14. The device according to claim 13, characterized in that the height adjustment device (90) has a wedge (94) connected to a drive device (96, 98), which has an inclined surface (100) on the base plate (84) and / or carrier plate ( 92) cooperates, a measuring device (102) connected to the wedge (94), preferably a dial gauge, being used to determine the change in position of the wedge (94) and thus the change in position of the carrier plate (92).

15. Device according to one of claims 12 to 14, characterized in that it contains means (108, 108 ₁ , 108 ₂ , 110) for straightening the guide rail (42), which preferably two arranged parallel to and on both sides of the guide rail (44) Have steel wires (108 ₁ , 108 ₂ ), which are clamped at the ends of the guide rail (42) at fixed points (114, 116) and can be scanned by sensors (110) arranged on the guide chute (46).
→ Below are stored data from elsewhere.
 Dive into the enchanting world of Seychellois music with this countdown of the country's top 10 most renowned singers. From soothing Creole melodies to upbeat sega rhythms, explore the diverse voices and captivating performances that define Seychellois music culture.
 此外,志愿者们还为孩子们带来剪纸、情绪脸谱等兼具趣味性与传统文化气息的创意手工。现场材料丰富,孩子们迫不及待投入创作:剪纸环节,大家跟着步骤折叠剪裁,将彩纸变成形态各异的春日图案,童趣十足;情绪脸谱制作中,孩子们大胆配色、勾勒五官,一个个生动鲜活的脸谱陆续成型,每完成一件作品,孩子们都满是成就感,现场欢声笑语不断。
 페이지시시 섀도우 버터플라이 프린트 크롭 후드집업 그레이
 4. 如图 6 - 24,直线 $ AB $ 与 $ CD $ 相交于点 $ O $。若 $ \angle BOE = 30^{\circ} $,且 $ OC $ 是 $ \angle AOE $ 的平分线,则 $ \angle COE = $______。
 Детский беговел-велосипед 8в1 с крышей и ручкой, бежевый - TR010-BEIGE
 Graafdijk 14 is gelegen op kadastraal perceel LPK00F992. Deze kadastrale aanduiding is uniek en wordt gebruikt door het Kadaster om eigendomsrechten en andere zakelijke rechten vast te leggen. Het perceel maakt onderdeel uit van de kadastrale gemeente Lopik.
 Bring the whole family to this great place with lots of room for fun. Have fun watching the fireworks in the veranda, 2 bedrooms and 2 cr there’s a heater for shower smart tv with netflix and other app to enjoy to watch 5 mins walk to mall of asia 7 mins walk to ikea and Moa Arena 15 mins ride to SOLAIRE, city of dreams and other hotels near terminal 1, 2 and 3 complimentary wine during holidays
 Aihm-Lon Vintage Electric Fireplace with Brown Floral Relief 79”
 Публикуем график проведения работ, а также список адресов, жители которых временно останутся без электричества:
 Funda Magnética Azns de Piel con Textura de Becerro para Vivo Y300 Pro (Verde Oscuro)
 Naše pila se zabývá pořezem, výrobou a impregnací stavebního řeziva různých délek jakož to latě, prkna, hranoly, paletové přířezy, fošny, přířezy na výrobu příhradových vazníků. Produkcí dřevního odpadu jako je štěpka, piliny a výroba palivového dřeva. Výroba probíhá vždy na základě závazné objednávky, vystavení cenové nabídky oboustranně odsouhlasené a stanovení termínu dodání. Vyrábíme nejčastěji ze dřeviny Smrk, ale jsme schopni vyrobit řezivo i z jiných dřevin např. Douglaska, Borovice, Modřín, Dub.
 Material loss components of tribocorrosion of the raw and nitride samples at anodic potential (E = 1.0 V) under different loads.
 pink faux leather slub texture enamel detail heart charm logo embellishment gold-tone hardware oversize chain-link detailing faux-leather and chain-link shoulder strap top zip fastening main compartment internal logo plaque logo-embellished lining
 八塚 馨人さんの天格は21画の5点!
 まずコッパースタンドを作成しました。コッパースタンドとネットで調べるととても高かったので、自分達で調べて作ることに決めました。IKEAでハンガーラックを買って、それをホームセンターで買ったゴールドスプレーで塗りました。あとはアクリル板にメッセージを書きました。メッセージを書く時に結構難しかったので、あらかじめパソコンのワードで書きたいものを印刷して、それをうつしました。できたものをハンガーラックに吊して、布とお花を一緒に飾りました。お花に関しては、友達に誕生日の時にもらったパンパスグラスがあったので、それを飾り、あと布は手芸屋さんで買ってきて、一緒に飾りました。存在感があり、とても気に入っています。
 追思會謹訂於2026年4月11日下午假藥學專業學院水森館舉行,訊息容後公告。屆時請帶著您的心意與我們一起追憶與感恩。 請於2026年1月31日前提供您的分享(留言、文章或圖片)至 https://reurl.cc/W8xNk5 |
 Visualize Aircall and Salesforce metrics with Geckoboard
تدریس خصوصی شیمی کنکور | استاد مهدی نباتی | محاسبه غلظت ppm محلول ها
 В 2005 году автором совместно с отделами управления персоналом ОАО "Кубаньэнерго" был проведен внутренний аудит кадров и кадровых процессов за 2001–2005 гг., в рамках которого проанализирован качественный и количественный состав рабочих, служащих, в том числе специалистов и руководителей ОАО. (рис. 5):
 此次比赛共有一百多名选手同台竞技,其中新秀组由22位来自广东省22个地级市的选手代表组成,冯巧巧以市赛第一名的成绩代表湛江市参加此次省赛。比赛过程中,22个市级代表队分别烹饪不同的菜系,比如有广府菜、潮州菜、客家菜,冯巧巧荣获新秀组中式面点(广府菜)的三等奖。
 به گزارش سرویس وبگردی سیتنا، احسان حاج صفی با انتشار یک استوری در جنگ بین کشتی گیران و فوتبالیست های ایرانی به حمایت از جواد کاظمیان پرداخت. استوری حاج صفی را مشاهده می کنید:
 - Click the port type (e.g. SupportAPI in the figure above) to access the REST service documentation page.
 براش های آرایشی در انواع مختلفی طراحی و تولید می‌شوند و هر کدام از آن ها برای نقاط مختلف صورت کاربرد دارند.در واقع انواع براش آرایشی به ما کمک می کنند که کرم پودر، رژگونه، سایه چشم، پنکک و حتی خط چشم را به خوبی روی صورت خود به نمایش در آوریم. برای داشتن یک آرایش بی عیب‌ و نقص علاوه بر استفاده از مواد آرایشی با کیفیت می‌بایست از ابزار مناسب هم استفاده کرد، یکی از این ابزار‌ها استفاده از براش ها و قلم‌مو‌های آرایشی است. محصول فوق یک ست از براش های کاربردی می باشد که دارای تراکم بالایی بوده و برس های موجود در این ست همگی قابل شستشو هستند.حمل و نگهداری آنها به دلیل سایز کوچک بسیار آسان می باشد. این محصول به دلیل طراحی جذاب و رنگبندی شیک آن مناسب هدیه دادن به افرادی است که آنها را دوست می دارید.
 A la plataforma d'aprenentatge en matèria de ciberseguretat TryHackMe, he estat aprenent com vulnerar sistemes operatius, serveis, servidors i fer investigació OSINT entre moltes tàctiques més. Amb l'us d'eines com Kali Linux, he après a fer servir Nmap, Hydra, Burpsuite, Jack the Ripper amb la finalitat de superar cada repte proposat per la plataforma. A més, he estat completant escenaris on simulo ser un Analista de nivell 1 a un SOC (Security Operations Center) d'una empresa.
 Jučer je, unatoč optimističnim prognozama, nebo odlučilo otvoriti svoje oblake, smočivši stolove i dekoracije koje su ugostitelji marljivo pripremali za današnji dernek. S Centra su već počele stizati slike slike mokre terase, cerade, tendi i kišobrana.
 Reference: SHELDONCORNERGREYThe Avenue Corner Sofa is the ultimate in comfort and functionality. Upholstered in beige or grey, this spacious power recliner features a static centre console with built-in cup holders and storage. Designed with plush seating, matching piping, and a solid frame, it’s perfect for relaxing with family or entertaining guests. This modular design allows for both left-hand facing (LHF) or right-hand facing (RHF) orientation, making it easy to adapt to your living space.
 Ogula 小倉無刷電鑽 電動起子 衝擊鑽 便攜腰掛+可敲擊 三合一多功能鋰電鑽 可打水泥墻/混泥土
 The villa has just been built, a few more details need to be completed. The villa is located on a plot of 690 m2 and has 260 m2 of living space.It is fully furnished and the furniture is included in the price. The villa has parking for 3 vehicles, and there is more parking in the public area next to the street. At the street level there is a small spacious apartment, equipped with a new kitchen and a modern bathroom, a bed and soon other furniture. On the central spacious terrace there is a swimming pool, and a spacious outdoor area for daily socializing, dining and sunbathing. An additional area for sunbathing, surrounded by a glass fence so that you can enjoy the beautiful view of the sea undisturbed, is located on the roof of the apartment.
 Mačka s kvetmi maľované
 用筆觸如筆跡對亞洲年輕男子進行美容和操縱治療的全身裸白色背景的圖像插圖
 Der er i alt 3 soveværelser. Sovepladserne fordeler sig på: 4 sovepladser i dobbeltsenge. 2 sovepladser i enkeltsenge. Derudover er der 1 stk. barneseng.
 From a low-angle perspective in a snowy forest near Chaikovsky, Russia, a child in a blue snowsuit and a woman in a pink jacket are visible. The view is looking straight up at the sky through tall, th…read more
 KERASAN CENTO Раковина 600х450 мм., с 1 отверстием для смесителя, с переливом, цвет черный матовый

16. The apparatus according to claim 15, characterized in that the steel wires (108 ₁ , 108 ₂ ) are formed by sections of a single steel wire (108), the ends (112 ₂ , 112 ₂ ) on a first holder (114) on a first End of the guide rail (42) are fastened and are guided on a second holder (116) at the second end of the guide rail (42) via deflection rollers (108 ₁ , 108 ₂ , 108 ₃ , 108 ₄ ), with a tensioning device (124) for Tensioning the steel wire (108) and preferably a measuring device (122) for measuring the tension of the steel wire (108) are present.

17. Device according to one of claims 12 to 16, characterized in that on the guide carriage (46) on both sides of the guide rail (44) measuring sensors (106) are arranged which cooperate with the guide ruler (42).

18. Device according to one of claims 1 to 16, characterized in that sensors (82) which cooperate with the cylinder surface to be ground are arranged transversely to and on both sides of the axis of the contact disk (30).

19. The apparatus according to claim 2, characterized in that the belt grinder (24, 128) has a drive motor (35) which is arranged in the central body (4) of the frame (2).